# Guides aren't using this much at all. Reports are very sparse.



## The Lynn Marie (Jun 15, 2021)

I'm surprised the Guides aren't using this much at all. Reports are very sparse. Seems like this would be an easy way to get some visibility, and help other sportfishermen.


----------



## Sgrem (Oct 5, 2005)

I've canceled 25+ trips in the last two months due to wind. My customers have put up some reports tho.


----------



## Jkmoore03 (Jun 19, 2015)

Guides don’t post on forums anymore. Everyone using FB and IG. Reaches way more people.


----------



## dk2429 (Mar 27, 2015)

Galveston Saltwater on Facebook gets 10 times the traffic this place does


----------



## The Lynn Marie (Jun 15, 2021)

Oh, maybe that's it. I cancelled my Fakebook since the stolen election. Geeze, too bad about the winds, I'm sorry to hear that.


----------



## Sgrem (Oct 5, 2005)

I like it here. Never had a Facebook. Don't plan to start. 
You get out what you put in. Participate and post reports as you see fit.


----------



## Captain Nathan Beabout (Mar 27, 2007)

some of us still post, but I will say it was much better traffic per post when we posted all together. when they split the forum to individual and guided post the traffic died. use to we would get 800-1000 views per post. now that it is split we are lucky to get 2-300. for having to pay $100 per month to be allowed to advertise, it's hard to justify the time it takes sometimes. we used to get 10-20 calls a month from posting here when it was all together. since they spit us up, we get 1-5 calls a month.
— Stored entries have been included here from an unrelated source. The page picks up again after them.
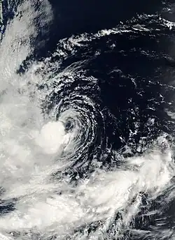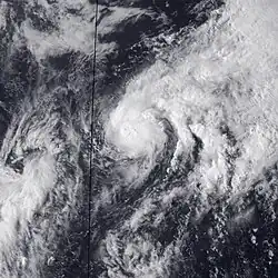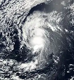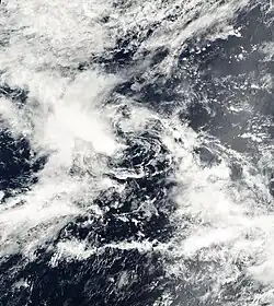 John originated on August 28 from an area of disturbed weather that was associated with the Intertropical Convergence Zone (ITCZ) near just outside the Central Pacific basin. Developing near the Central Pacific basin, John eventually entered early on August 30 and was then also monitored by the Central Pacific Hurricane Center. that was a tropical storm for several days and moved from the eastern to the central Pacific basin. Thereafter entering the central Pacific region, Tropical Storm John approached hurricane status while meandering erratically east-southeast of Hawaii. John eventually encountered strong wind shear, and dissipated on September 1. Tropical Storm John did not cause any damage or fatalities, as there were no reports of any land being affected.[30]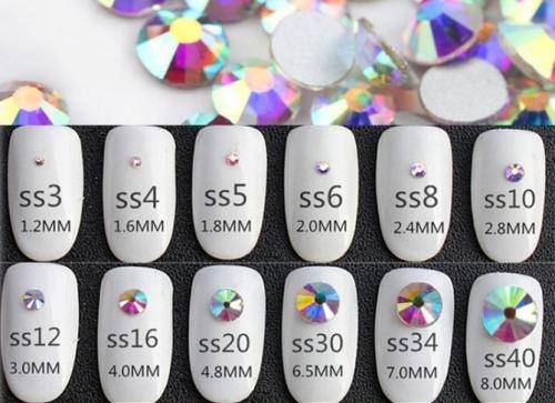 Размер стразов обозначают буквами и цифрами. Так, самый мелкий камешек (0,8 мм) имеет маркировку ss3, а самый большой (8,8 мм) — ss40. Каждый производитель украшений для маникюра имеет собственную таблицу, где есть фото ногтей в натуральную величину с наклеенным кристаллом. Под каждой фотографией написаны размер и маркировка страза.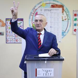 4月25日,阿尔巴尼亚总统梅塔在地拉那一处投票站投票。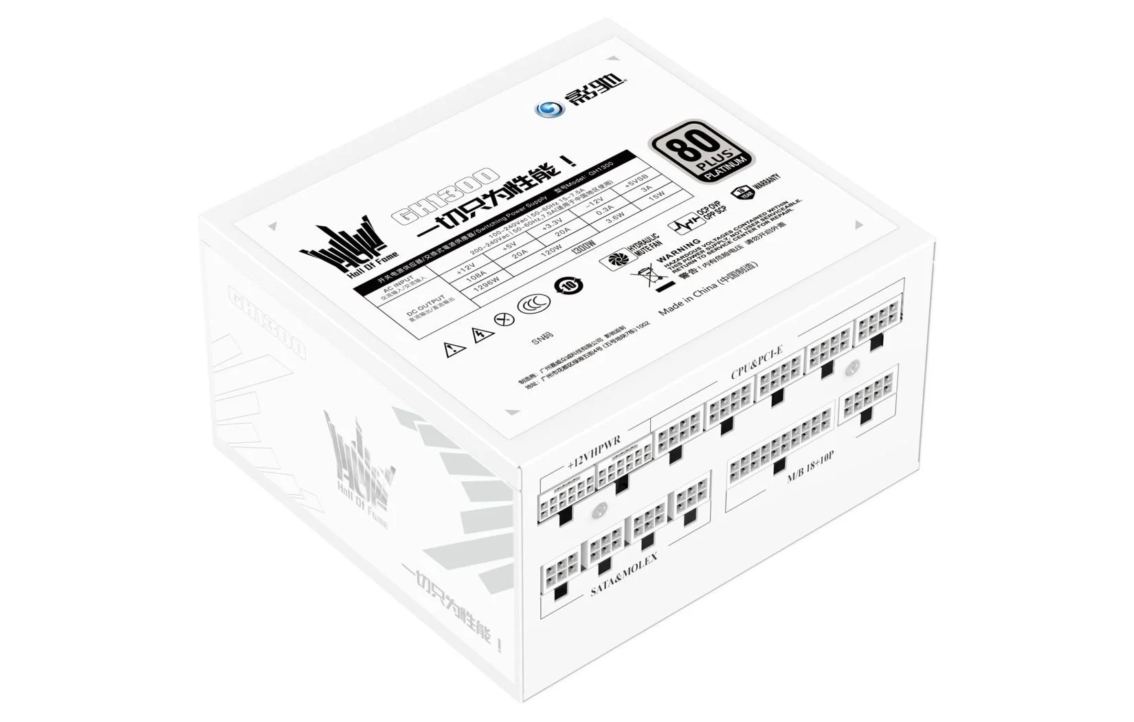 The Galax HOF GH130 is rated for 1300W of nominal power, capable of peaking up to 2600W. A top-tier unit set to compete with MSI Ai1300P rated for 1300W. In addition, Galax PSU is certified for 80Plus Platinum, which the company confirms to be 92% efficient at half the load.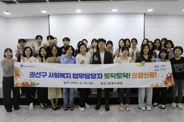 [와이뉴스] 수원시 권선구는 지난 16일, 일월수목원에서 권선구 사회복지 담당 직원 30명이 참여한 가운데 2025년 하반기 권선이음을 실시했다.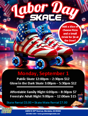 🛼Celebrate Labor Day on Wheels! 🛼 Join us Monday, September 1st at Great Skate Glendale for a full day of fun, music, and patriotic vibes! 🎉 Skating Sessions for Everyone […]

When the general public quits clicking on the guided section, it gets kind of pointless. there are many other avenues for advertising where $1200 a year could get more traffic. when and if my post ever drop below 100 views I will be rethinking our marketing expenses. that's just my thoughts.


----------



## The Lynn Marie (Jun 15, 2021)

I didn't know they charged you charters.


----------



## Captain Nathan Beabout (Mar 27, 2007)

The Lynn Marie said:


> I didn't know they charged you charters.


yup, the only online forum that does.


----------